Funding Home and Community Based Services (HCBS) Waivers in the South
Plain Language Policy Fact Sheet
What are Home and Community Based Service Waivers?
Home and Community Based Service (HCBS) Waivers are services paid for by the state government through Medicaid. HCBS Waivers allow people of all ages with different types of disabilities to live in their communities instead of institutions. Institutions include hospitals and nursing homes.
HCBS waivers pay for:
Personal medical supplies, including adult diapers, prescription food, wipes, CPAP tubes, oxygen filters, and more that someone might need because of their disability
Emergency alert system, like a necklace or keychain that someone can press a button and call 911
Personal care assistants, who are care workers that help a disabled person with daily life activities like bathing, cleaning, cooking, dressing and more.
What is the situation in the South?
The disability community is facing a care crisis.
The care crisis means that disabled people do not have access to the care that is their legal right.
The care workers that help disabled people are also impacted by the care crisis.
Care workers do not get paid a wage that supports them and that means less care workers to help disabled people.
Disabled people are waiting on HCBS waiver waitlists to get the services they need. Disabled people must already have Medicaid before they can even apply to be on the waitlist.
Many disabled people in the South have to wait 10 years or longer on the HCBS waiver waitlists. In some states, the state government sometimes decides to not give some disabled people the services they need, even after they have waited for years.
What are the facts?
The South has the most people waiting on HCBS waiver waitlists.
The South makes up for more than 3/4 of all people on HCBS waiver waitlists in 2023 in the United States.
The three states with the longest waitlists make up 2/3 of all people on HCBS waiver waitlists in 2023 in the United States.
These 3 states are:
Texas (342,575 disabled people waiting for care)
Florida (77,123 disabled people waiting for care)
South Carolina (41,078 disabled people waiting for care)
Two disabled women, named Lois Curtis and Elaine Wilson, sued the State of Georgia for denying them access to home and community based care. The Olmstead Decision came from this lawsuit in 1999. This legal decision means disabled people across the United States have the right to home and community based care.
A 2024 report published by New Disabled South found that there are 27% more Black disabled people on the HCBS waiver waitlist than white people in Georgia.
Many Black disabled people have more barriers to getting home and community based care because of racism in systems like healthcare and benefits.
Why are HCBS Waivers Important?
Disabled people need Home and Community Based Services to survive.
A 2023 national study found that disabled people who were in institutions died more often during the COVID-19 pandemic than disabled people that lived in their communities.

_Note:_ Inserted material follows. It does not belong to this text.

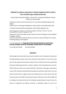 Artichoke agro-industrial discards have proved an excellent source of polyphenolic compounds with high antioxidant capacity. The aim of this study was to further separate these bioactive molecules from an ethanolic extract by using Colloidal Gas Aphrons (CGAs) generated from a cationic surfactant, Cetyl trimethylammonium bromide, CTAB (1 mM) and a nonionic one, Tween 20 (10 mM). Total proteins, total sugars, total phenolic content (TPC), antioxidant capacity (AOC) and polyphenolic profile were determined in the crude extracts and CGA fractions. Highest recovery was obtained with the nonionic Tween 20 at CGA to feed volumetric ratio 5 (RE% = 64) whereas the cationic CTAB proved more efficient (RE% = 58) at the highest ratio studied here (ratio 11). Antioxidant capacity followed the same trend as the recovery of polyphenols and highest enrichment in antioxidant activity for each of the surfactants (1.5 for Tween 20 and 1.4 for CTAB) was obtained at those conditions that led to maximum recovery. Highest selectivity was obtained with CTAB. Electrostatic interactions drove the separation with the cationic surfactant whereas with Tween 20 hydrophobic interactions were predominant. Polyphenolic profile of feed and CGAs fractions comprised mainly mono and dicaffeoylquinic acids and a small proportion of flavones. In most of the cases no enrichment of any particular polyphenol was found in CGAs samples. However, with Tween and at ratios 5 and 11 CGAs were enriched in dicaffeoylquinic acid. Future research should focus on assessing if the surfactant could also offer any advantage to the formulation of these polyphenols.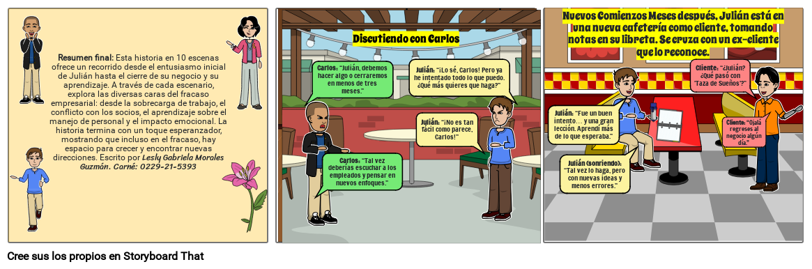 Resumen final: Esta historia en 10 escenas ofrece un recorrido desde el entusiasmo inicial de Julián hasta el cierre de su negocio y su aprendizaje. A través de cada escenario, explora las diversas caras del fracaso empresarial: desde la sobrecarga de trabajo, el conflicto con los socios, el aprendizaje sobre el manejo de personal y el impacto emocional. La historia termina con un toque esperanzador, mostrando que incluso en el fracaso, hay espacio para crecer y encontrar nuevas direcciones. Escrito por Lesly Gabriela Morales Guzmán. Carné: 0229-21-5393

Disabled people have the right to make their own choices about how they live their lives.
Disabled people have the right to live in the setting that has the most freedom. Disabled people’s freedom is taken from them in institutions.
What needs to be done?
Most states in the South had a budget surplus with leftover money from their 2023 budgets.
The South should not have leftover money when care workers do not have fair pay.
The South should not have leftover money when disabled people do not have care.
States in the South must pay for more HCBS waivers so people can have the care they need.
States in the South must increase pay for care workers who help disabled people with HCBS waivers.
Care workers in The South need fair pay now.
Disabled people in The South need care now.